Quasi un terzo degli annunci programmatic viola le linee guida IAB
Tempi di caricamento lenti e interruzioni possono danneggiare il ritorno sugli investimenti degli editori
Il programmatic ha senza dubbio snellito l’offerta pubblicitaria, un nuovo studio ha messo in luce anche che un numero significativo di annunci programmatici ha un livello di qualità inferiore alle linee guida di IAB. Mercoledì scorso, la società di analisi dei dati Ad Lightning ha pubblicato “The Ad Quality Report for Publishers”, un approfondimento sui problemi di qualità che si celano dietro gli annunci programmatici online su siti dei publisher. Nel corso del quarto trimestre del 2016 e nel gennaio del 2017, analizzando milioni di annunci programmatici live in 50 siti di noti publisher, Ad Lightning ha rilevato che il 28% stava violando gli standard di settore. “Nonostante lo schiacciante successo da 22 miliardi di dollari, il mercato del programmatic ha creato alcuni risultati non intenzionali e i principali sono a danno di editori e utenti”, ha affermato Scott Moore, ceo di Ad Lightning. “I consumatori sono sempre più frustrati dalla lentezza di caricamento dei siti e dagli annunci che interrompono l’esperienza di
navigazione”.
I 4 difetti del programmatic
La relazione ha individuato quattro grandi problemi che ricorrono in quel 28% di annunci che violano gli standard IAB: sono sovradimensionati; eccessivamente richiesti, richiedono un uso intensivo del processore e non sono crittografati SSL. Di questi, gli annunci di dimensioni eccessive sono i più frequenti. In effetti, il 41% degli annunci esaminati ha superato la dimensione massima approvata da IAB (200 KB o meno per i banner e 300 KB o meno per gli annunci display). In media, gli annunci studiati sono stati quasi quattro volte più grandi rispetto allo standard di IAB, con circa un 10% superiore di 5 MB e alcuni oltre i 30 MB.

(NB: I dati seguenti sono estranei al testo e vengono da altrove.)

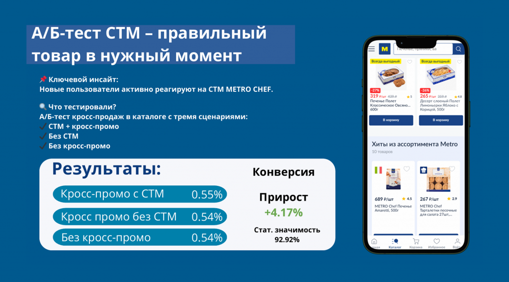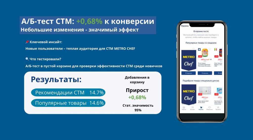 Рост в 0.68% может показаться небольшим, но для крупного ритейлера это тысячи дополнительных заказов в месяц. Даже небольшие изменения в логике показов дают значимый эффект при масштабировании. Главное — опираться на данные, а не на интуицию.

Nella pubblicità programmatica, più alto è il numero di scambi, maggiore è il tempo che impiega un annuncio e il contenuto in cui è inserito a caricarsi. Pertanto, IAB dice che un singolo annuncio non dovrebbe ricevere più di 15 offerte. In realtà, lo studio ha scoperto che il numero medio di richieste di offerta per annuncio è di 56, quasi il 4% superiore alla norma. Anche gli annunci che richiedono un uso intensivo del processore, spesso i video, possono causare ritardi nel caricamento della pagina. Dallo studio è emerso che circa il 32% o un terzo degli annunci studiati superavano il limite di IAB di 300 millisecondi per il rendering. Addirittura, per il 12% degli annunci ci sono voluti più di 500 millisecondi. Inoltre, IAB ha suggerito al settore pubblicitario digitale di adottare la crittografia SSL, un link che protegge i dati che passano attraverso i server e i browser. Lo studio ha trovato che il 51% delle offerte non erano crittografati SSL.
Le conseguenze per gli editori
I siti che caricano le pagine più lentamente tengono i visitatori a distanza e di conseguenza danneggiano il ROI degli editori, ha detto Moore. Ha anche citato uno studio di The Aberdeen Group, secondo cui un ritardo di un secondo su una pagina web riduce il numero di pagine viste dell’11% e la soddisfazione dei clienti del 17%. Mentre un recente studio di Google ha rilevato che i siti mobile che si caricano in cinque secondi ottengono due volte più entrate pubblicitarie di quelli che si caricano secondo lo standard industriale di 19 secondi.
Moore ha detto che è l’impatto cumulativo di un sacco di marchi, agenzie, reti e altre piattaforme pubblicitarie che sta ignorando le linee guida. “Non pensiamo che sia fatto con cattiveria”, ha detto Moore. “Tuttavia, la consapevolezza di come questo possa essere un problema rappresenta un grande passo avanti per migliorare il sentimento del marchio e il ROI, l’esperienza del consumatore e perfezionare la percezione degli editori, così come le linee di fondo. Una negativa esperienza di navigazione può offuscare il lavoro di un editore e guidare i consumatori lontano o ispirare l’installazione di un adblock”.